WORK ITEM: What needs reproducing is the run of lines in the data below starting at the line with "年末年始の診療体制について 投稿日:2025.11.04 平素より、当院をご利用いただきまして、誠にありがとうございます。" and ending at the line with "Archiwum / Nasz", both ends included. Copy it exactly, without pictures, and add nothing.

INFORMATION PROVIDED:
╔══
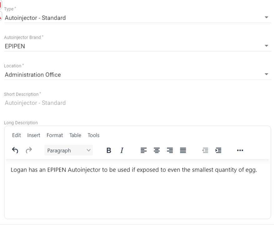- Autoinjector Brand - Will only be required if Autoinjector was selected as a Type
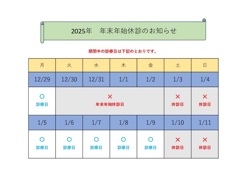 年末年始の診療体制について 投稿日:2025.11.04 平素より、当院をご利用いただきまして、誠にありがとうございます。 2025年~2026年の年末年始の診療体制につきまして以下の通りお伝えいたします。 2025年は1/5(月)より通常診療にて対応いたします。ご不便をおかけいたしますが、ご理解の程よろしくお願いいたします。
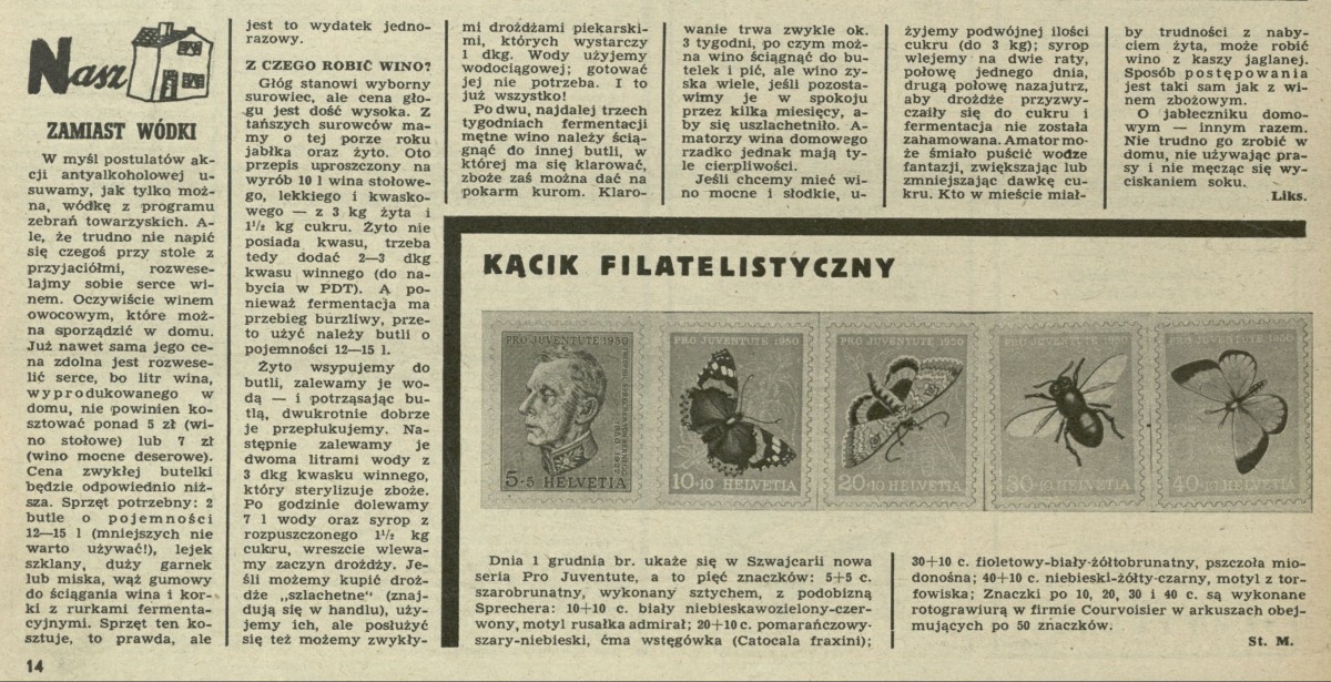Archiwum / Nasz dom nr 293 (47/1950) 72/83 Podziel się Tytuł Zamiast wódki Autor Liks Rubryka Nasz dom Artykuł z numeru 293 (47/1950) Data wydania 19 listopada 1950 Tagi wino przepis alkohol
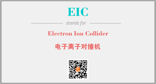 上述内容是“Electron Ion Collider”作为“EIC”的缩写,解释为“电子离子对撞机”时的信息,以及英文缩略词EIC所代表的英文单词,其对应的中文拼音、详细解释以及在英文中的流行度和相关分类、应用领域及应用示例等。
╚══
TASK ANSWER:
 年末年始の診療体制について 投稿日:2025.11.04 平素より、当院をご利用いただきまして、誠にありがとうございます。 2025年~2026年の年末年始の診療体制につきまして以下の通りお伝えいたします。 2025年は1/5(月)より通常診療にて対応いたします。ご不便をおかけいたしますが、ご理解の程よろしくお願いいたします。
Archiwum / Nasz dom nr 293 (47/1950) 72/83 Podziel się Tytuł Zamiast wódki Autor Liks Rubryka Nasz dom Artykuł z numeru 293 (47/1950) Data wydania 19 listopada 1950 Tagi wino przepis alkohol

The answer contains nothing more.